Anybody here had any problem with the HMF burning up the ECU? Or any other problems that I may not have encountered yet?


----------



## jackman (Dec 24, 2008)

my HMF optimizer fried a couple CDI boxes


----------



## Polaris425 (Dec 16, 2004)

Will HMF replace them since its technically their fault?


----------



## jackman (Dec 24, 2008)

they told me mine had been wet and they would not


----------



## Polaris425 (Dec 16, 2004)

Did you send them a dirty letter? I would have sent them a dirty letter... haha.


----------



## phreebsd (Dec 16, 2004)

I would think it would be hard to prove their unit cause a malfunction.
They would just have to honor it on your word and most companies aint that cool.


----------



## TOT (Jan 22, 2009)

If there is any sign of the unit being wet then they will not warranty it. The warranty is only for a year anyway.


----------



## phreebsd (Dec 16, 2004)

shoot the way we all ride you know it's gonna get wet eventually!


----------



## Polaris425 (Dec 16, 2004)

phreebsd said:


> shoot the way we all ride you know it's gonna get wet eventually!

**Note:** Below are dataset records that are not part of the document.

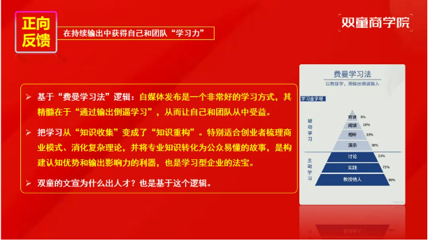 IP打造的過程,也是團(tuán)隊(duì)學(xué)習(xí)力提升的過程?;谫M(fèi)曼學(xué)習(xí)法,持續(xù)的內(nèi)容輸出能倒逼輸入,讓創(chuàng)業(yè)者與團(tuán)隊(duì)在梳理商業(yè)模式、消化專業(yè)知識(shí)、轉(zhuǎn)化公眾語言的過程中,實(shí)現(xiàn)“知識(shí)重構(gòu)”而非單純的“知識(shí)收集”。雙童文宣團(tuán)隊(duì)的成長(zhǎng),正是這一邏輯的生動(dòng)體現(xiàn)。
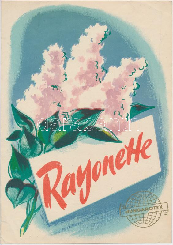 cca 1960 Rayonette Hungarotex az egyik legrégebbi magyar külkereskede... https://www.darabanth.com/de/247-Fernauktion/247.0/Andere-Sammelgebiete/Drucksachen~1000027/cca-1960-Rayonette-Hungarotex-az-egyik-legregebbi-magyar-kulkereskedelmi-vallalat-reklam-plaka~II1131000
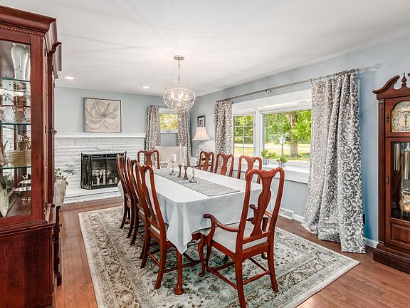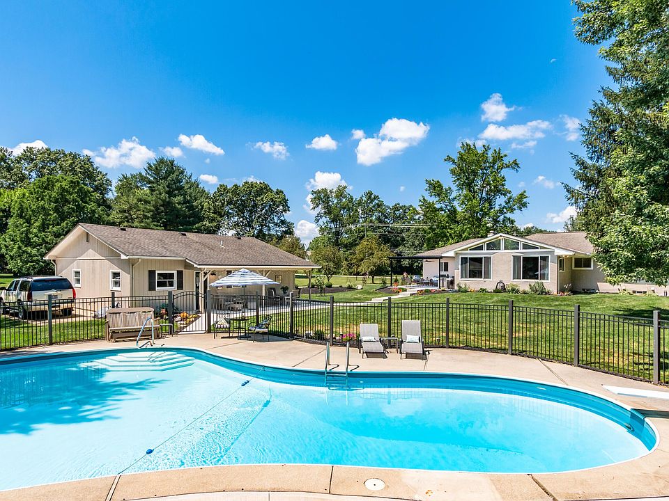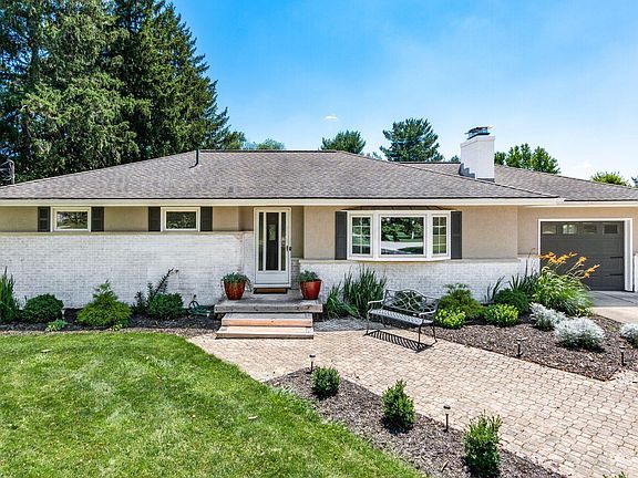 Agent owned. Freshly renovated ranch home backs to Medallion Meadows tee #5, has large pool, oversized 3 car detached garage complete w/heater & full bath. Air BNB or In-Law Potential! On 1.9 acre lot! Amazing family room w/new Anderson windows overlooking the beautiful property. Open floorplan great for entertaining. Kitchen has lots of white cabinets & black granite countertops. New appliances in 2020. Can lights. Eating area. Italian stone flooring. Front room w/fireplace & bay window is currently dining room - could be 2nd living room. Hardwood flooring throughout main level except kitchen. Main bath & owner bath freshly remodeled down to the studs. 3 bedrooms are smaller but good closet space. Lower level w/new bedroom w/egress, bath & family room w/fireplace. Attached 1 car garahe.
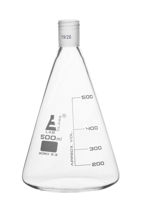 Erlenmeyer Flask with 19/26 Joint, 500ml Capacity, 100ml Graduations, Interchangeable Screw Thread Joint, Borosilicate Glass - Eisco Labs
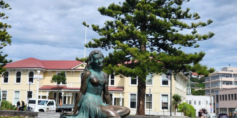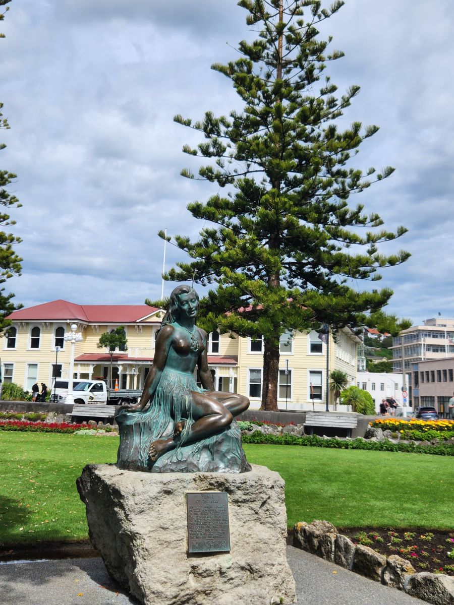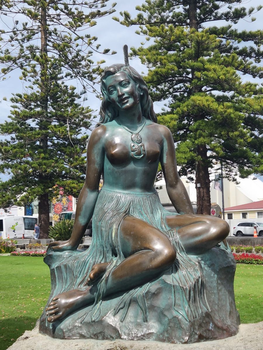 Outside in the lovely fresh air, we walked through the park again to see the Pania of the Reef, a celebrated woman who married a Maori chief.
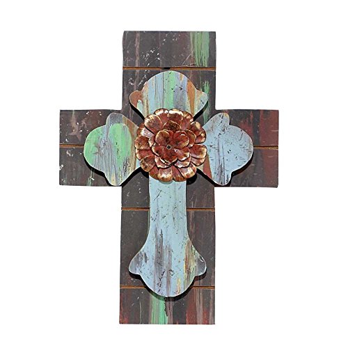 Beaded Board with Copper Tone Flower Applique 7.5 x 10 Wall Cross Decoration

Like the first ride after installing it? :rockn: :saevilw:


----------



## TOT (Jan 22, 2009)

That is the truth, so I guess what I am asking is will the Grizz run as good with out the programmer?


----------



## Polaris425 (Dec 16, 2004)

Im thinking no, since it's EFI. The programmer should be what is making the air/fuel mixture right w/ the aftermarket exhaust and snorkels. Unless its different than the brute. I know the brute wont.


----------



## cigaro (Dec 18, 2008)

Yeah you're going to need the programmer.


----------



## TOT (Jan 22, 2009)

I just took off the programer, and rode it around and there is a small difference in take off but after that it seems to be runnig fine. Only time will tell.


----------



## TorkMonster (Dec 19, 2008)

TOT said:


> I just took off the programer, and rode it around and there is a small difference in take off but after that it seems to be runnig fine. Only time will tell.


Only thing I would say is make sure you are not running too lean.... Overtime it will cause premature damage on expensive parts.... Heck, way too rich will too...

I hadn't heard about the Optimizers doing things like that, but it is possible...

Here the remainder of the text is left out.